Reading TESK’s source, I had the same thought I always have when I read someone else’s code: I could do this differently. Most of the time that thought is wrong; sometimes it’s right; either way, the only honest way to find out is to write it.
So I wrote Poiesis. v0.1 shipped, ran tasks, and worked well enough to be useful. v0.2, which is what this post is about, deletes most of the v0.1 architecture and replaces it with something genuinely smaller. This is the story of how the first design met reality, what it cost, and why the new one collapses most of the moving parts into a single Kubernetes Pod.
What a TES task actually is
Before any of the architecture makes sense, the contract:
- A Task is a sequenced list of Executors.
- An Executor is “run this container image with this command and this env, with these inputs available on disk, and capture stdout/stderr.”
- Executors run strictly sequentially. Executor 2 must not start until Executor 1 has finished successfully. If Executor 1 fails, Executors 2..N must not run.
- The Task also has inputs to be staged in from object storage (S3, HTTP) before any Executor runs, and outputs to be uploaded back after they finish.
- The Task terminates in one of four states:
COMPLETE,EXECUTOR_ERROR,SYSTEM_ERROR,CANCELED.
That’s the whole thing. Strict sequencing, shared filesystem between Executors, inputs in front, outputs at the back, predictable terminal states. The complication is that you’re running all of this on Kubernetes, which has its own model of containers and lifecycles that doesn’t quite line up with the TES model.
v0.1: the obvious design
When I sat down to write Poiesis, the obvious thing to build was a small fleet of components that each owned one part of the lifecycle. Anyone who has been around batch systems will recognise the pattern: an orchestrator, a couple of workers, a message broker, and a database.
The v0.1 fleet:
- API server. FastAPI on top of (originally)
connexion, talking GA4GH TES REST. Stateless, horizontally scalable. Wrote Task records to MongoDB. - Torc (Task Orchestrator). A long-lived Pod, one per task, that owned the task lifecycle. Created the PVC, then launched the three worker Jobs in sequence, then cleaned up.
- TIF (Task Input Filer). A K8s Job that staged inputs from S3/HTTP onto the shared task PVC.
- Texam (Task Executor and Monitor). A K8s Job that itself launched one K8s Job per TES Executor, in sequence, and watched each one.
- TOF (Task Output Filer). A K8s Job that uploaded outputs from the PVC after all executors finished.
- MongoDB. Document store for Task records, Executor records, logs.
- Redis. Pub/sub. Each worker published a terminal message on a channel keyed by task ID; Torc subscribed and blocked until it received the messages it expected.
Drawing that as a diagram in your head: API talks to Mongo and creates a Torc. Torc creates a PVC, launches TIF, waits on Redis. TIF runs, publishes done.
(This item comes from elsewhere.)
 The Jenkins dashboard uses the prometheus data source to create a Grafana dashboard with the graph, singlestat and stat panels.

Torc launches Texam, waits on Redis. Texam launches N executor Jobs, watches each, publishes done. Torc launches TOF, waits on Redis. TOF runs, publishes done. Torc writes terminal state to Mongo and exits.
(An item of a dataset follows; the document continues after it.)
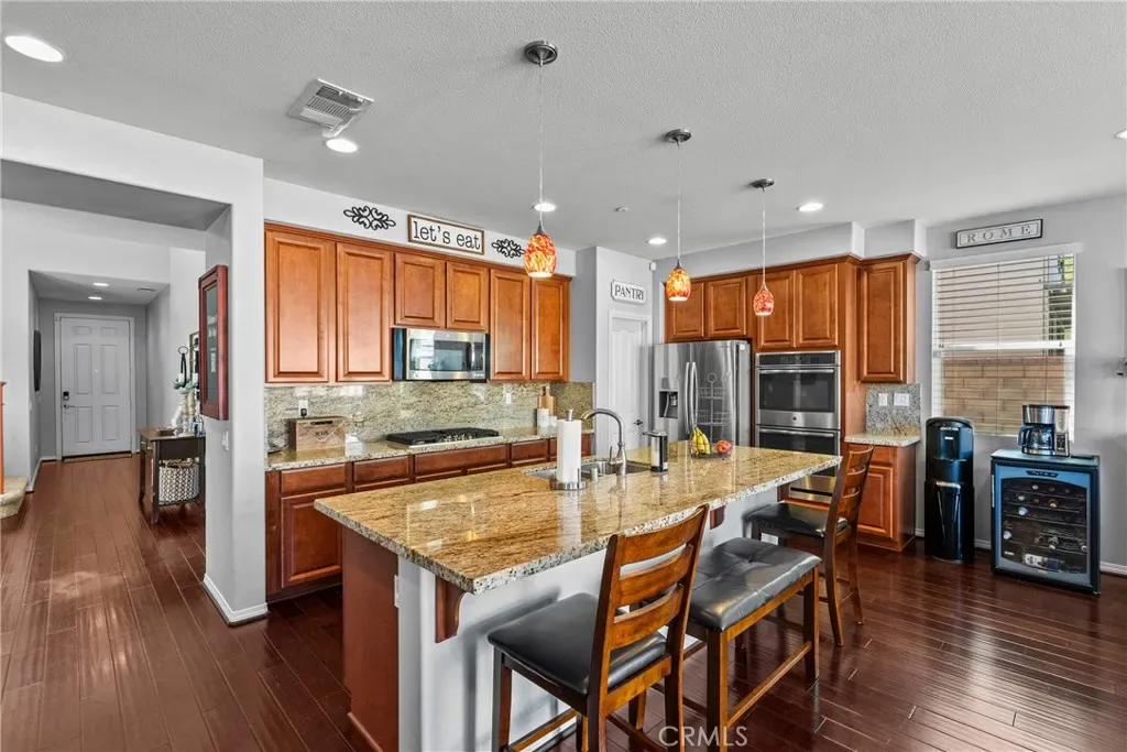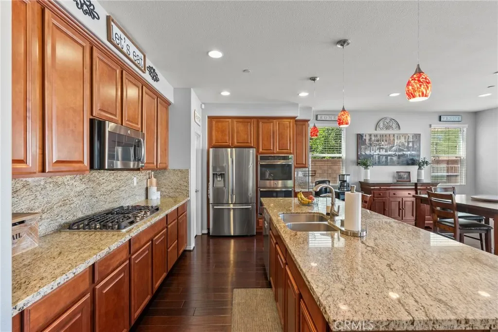 Welcome to 24557 Rosette Lane in Valencia, a beautifully appointed two-story home tucked away at the end of a cul-de-sac inside one of the Santa Clarita Valley’s sought-after gated communities in West Hills. With 4 bedrooms, 3.5 bathrooms, an office area, loft, and 3,159 sq ft of living space, this home offers a versatile layout designed for both everyday comfort and effortless entertaining. One of the home’s most standout features is the private downstairs mother-in-law suite, complete with its own entrance, laundry, living room, bathroom, bedroom with walk-in closet, and kitchenette—offering exceptional privacy and flexibility. The main living spaces are equally inviting, with attractive landscaping and an inviting entry leading into an open-concept floor plan. The spacious dining area and family room with fireplace flow seamlessly into a beautifully designed kitchen featuring an oversized island, abundant storage, a walk-in pantry, and stainless double ovens. Upstairs, you’ll find a generous loft, dedicated office area, large laundry room, spacious secondary bedrooms, and a well-appointed primary suite with a soaking tub, walk-in shower, and walk-in closet.

It worked. It ran real tasks. I added a Helm chart, OIDC auth, dynamic K8s job config, glob-style input/output paths, multi-arch images, and at some point a Nextflow integration guide. Tasks went in; results came out.
But the design had a tax I kept paying.
What v0.1 actually cost
Three things, mostly:
1. Pod count per task was 4 + N. A single task with three Executors started seven Pods: Torc + TIF + Texam + 3 executor Jobs + TOF. Every one of those paid its own scheduling delay, image-pull delay, and container-start delay. For a workflow engine submitting hundreds of small tasks, this was the difference between “interactive” and “batchy.” For an operator, it meant the cluster’s scheduler and admission quotas were being pressured by orchestration overhead, not by actual user work.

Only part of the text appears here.